To do:
Go through the listing below and retype exactly the lines starting at the one with "中国传统吉祥图案。由蝙蝠和古" and ending at the one with "colibri style, 1x2", skipping pictures.

Material shown:
────────────────

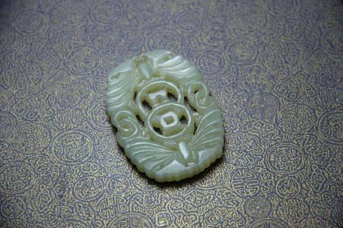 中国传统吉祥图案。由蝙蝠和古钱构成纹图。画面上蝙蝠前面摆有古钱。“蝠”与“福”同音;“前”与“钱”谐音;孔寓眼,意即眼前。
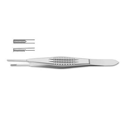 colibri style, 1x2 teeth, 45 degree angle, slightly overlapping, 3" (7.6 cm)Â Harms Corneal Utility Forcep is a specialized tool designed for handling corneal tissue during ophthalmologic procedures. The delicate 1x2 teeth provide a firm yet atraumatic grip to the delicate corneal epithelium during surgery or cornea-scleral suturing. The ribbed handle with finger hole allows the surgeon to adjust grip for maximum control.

────────────────

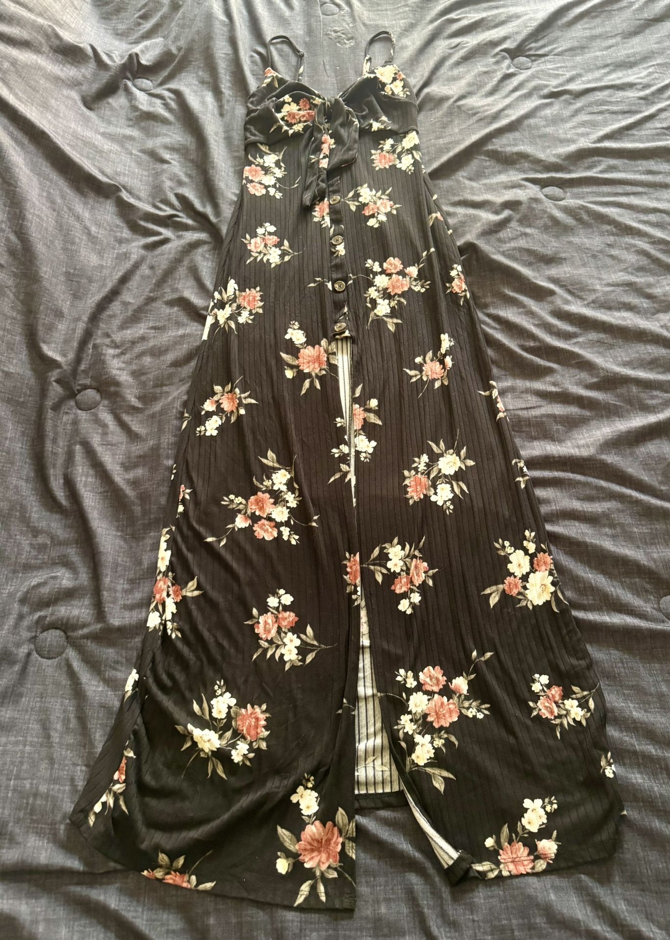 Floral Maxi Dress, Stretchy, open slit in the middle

────────────────

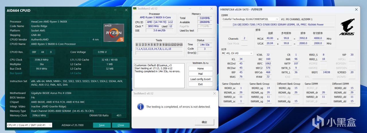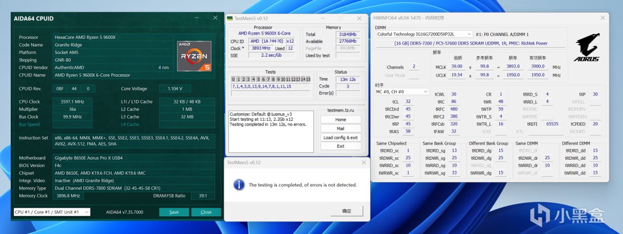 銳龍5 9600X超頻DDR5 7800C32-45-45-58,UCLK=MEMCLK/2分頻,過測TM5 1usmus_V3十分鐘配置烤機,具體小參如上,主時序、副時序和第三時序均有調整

────────────────

Task solution:
 中国传统吉祥图案。由蝙蝠和古钱构成纹图。画面上蝙蝠前面摆有古钱。“蝠”与“福”同音;“前”与“钱”谐音;孔寓眼,意即眼前。
 colibri style, 1x2 teeth, 45 degree angle, slightly overlapping, 3" (7.6 cm)Â Harms Corneal Utility Forcep is a specialized tool designed for handling corneal tissue during ophthalmologic procedures. The delicate 1x2 teeth provide a firm yet atraumatic grip to the delicate corneal epithelium during surgery or cornea-scleral suturing. The ribbed handle with finger hole allows the surgeon to adjust grip for maximum control.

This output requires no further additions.